Eliminating SR99 as a traffic arterial has a lot of problems, but let's set that aside for now. With respect, eliminating the Evergreen Point Bridge entirely, and replacing it with a transit ferry, would be a transportation catastrophe. There's reasons why the Eastside has a million residents, and Bremerton and Bainbridge Island don't. Lack of a bridge across Puget Sound (one occasionally gets proposed that would connect West Seattle, Vashon, and Southworth, but mercifully it's never been built) would be a transportation catastrophe. Hundreds of thousands commute daily from Seattle to Microsoft and other Eastside employers, and from the Eastside to downtown and the University District. SR520, even in its present, often gridlocked capacity, carries far more of them than a transit ferry ever would. Result: commuters would do what I do now when I go to KBCS in Bellevue 2-3 times a week, and go miles out of their way to cross at the six-lane I-90. Result: that crossing would frequently become gridlocked and useless, too. That should especially thrill Mercer Island residents. And unlike the Alaskan Way Viaduct, there are no other ways to cross Lake Washington. In other words, your proposal would effectively sever Seattle from the Eastside for much of the day. Unless you want to go via Renton or Bothell, and those would become traffic nightmares, too.

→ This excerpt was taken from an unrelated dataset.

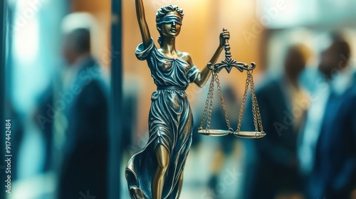 A close-up of a blindfolded Lady Justice statue holding scales of justice
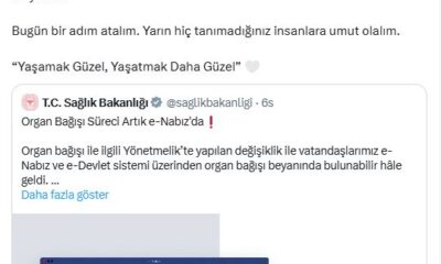 Sağlık Bakanı Kemal Memişoğlu, sosyal medya hesabından yaptığı paylaşımda, “’Her Bağış Yeni Bir Hayattır diyerek organ bağışı sürecini çok daha kolay hale getirdik. Vatandaşlarımız artık hem...

What you're proposing, then, Martin, is disrupting the lives of hundreds of thousands of people a day, and causing many of them to have to pick up and move to the other side. It might be good for realtors, but if you don't think the human and economic costs of such a scenario are far more than eight billion bucks, you're insane.

To me, given that many folks won't be dragged kicking or screaming into public transit, given that the urban geography of all but a few bigger US cities is now based on the automobile, and given the science Colin Wright outlines this issue, it makes far more sense to urgently focus on conversion to alternative fuels (including biodiesel and electric, which already exist) than to rely largely on local strategies to force people out of cars. The latter won't work, and is impractical (and, speaking as a sick guy, more than a little elitist) besides. Curb sprawl? Absolutely. Make it impossible to drive? Ain't gonna happen.

Picky, Picky

ETS!,

Thanks for running "Checking the Ingredients of Private Health Insurance" (9/14/06). I apologize for one confusing, maybe non-fatal, editing error in the last paragraph. The line about calling for insurers that only invest in organics and other benign things should not have ended with "...to be permitted anywhere near the compulsory system." That was confusing. That should have said that insurers invested only in benign things ought be the only ones permitted in the system. Insurers that invest in health-damaging industries are the ones that ought not be allowed anywhere near the system.